Published 1:34 pm Saturday, September 29, 2018

Marquis Aaron Flowers, the suspect in the fatal shooting of two Brookhaven police officers early Saturday, has had run-ins with the law before.

In March 2017, Flowers — while wearing an electronic ankle monitor — was charged with fleeing or eluding a law enforcement officer of the Adams County Sheriff’s Office, and stealing a vehicle by Natchez police, in connection with a high-speed chase the previous month.

He was 24 at the time, and living at 426 East Independence St. — the same address given by investigators following his arrest Saturday in connection with the murders of Brookhaven policemen Zach Moak, 31; and Kevin James White, 35, at a home at 600 North Sixth St.

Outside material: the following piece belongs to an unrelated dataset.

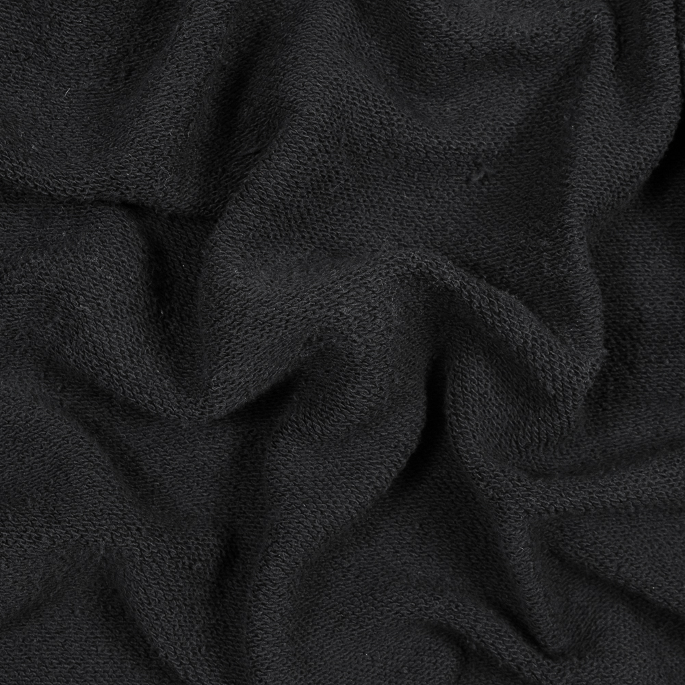 Be comfy and chic in this Black Thick Cotton French Terry. Seriously soft (and we do mean seriously), this knit is not to be passed up on! It's face is smooth, while its back encompasses large un-cut loops that offer even more softness and texture. Thick in hand, this terry is ideal for bathrobes, oversized sweaters and slouchy dresses. Its drape and 4-way stretch provide ultimate comfort. This collection comes in several neutral tones, so you are sure to find the best fit for your look!

On Feb. 22, 2017, Flowers was accused of fleeing when an Adams County deputy attempted to make a traffic stop for a seat belt violation. Due to the high-speed chase entering an area of high traffic around Walmart, the deputy called the chase off.

Natchez police officers then spotted the vehicle traveling approximately 70 miles per hour and gave chase until Flowers allegedly abandoned the car in the Melrose-Montebello area and fled on foot.

A Natchez officer said when Flowers abandoned the vehicle, he allegedly ran into neighborhood and tried opening up vehicle doors until he found a 2014 GMC pickup truck with the keys inside. Flowers reportedly took the truck back to Brookhaven, police said.

Adams County Sheriff’s Office Maj. Jerry Brown said the warrant for arrest was originally issued for another Brookhaven man, Jawon Williams.

Brown said either because the vehicle was registered to Williams, or because he had left some identification inside, deputies originally believed Williams to be the suspect and issued the warrant for his arrest.

However, Brown said Williams contacted the sheriff’s office to say he had reportedly allowed Flowers, who is a relative of Williams’, to use the vehicle.

Flowers later turned himself in.

When Flowers ran he was wearing an electronic monitor and was on probation for vehicle burglary in Lincoln County, said Adams County Sheriff’s Office spokeswoman Lt. Cal Green.

Court documents show Lincoln County Circuit Judge David Strong revoked Flowers’ post-release supervision in January 2015, and sentenced him to serve a previously-suspended three years in prison. His original sentence was handed down in January 2012 — five years to serve on numerous counts surrounding auto burglary.

Mississippi probation and parole officers verified with the monitor Flowers was in Adams County during the time in question.

Grace Fisher, communications director for the Mississippi Department of Corrections, said Flowers was convicted in Pike and Lincoln counties on multiple counts of burglary and one count of conspiracy. Flowers was released on parole in October 2017.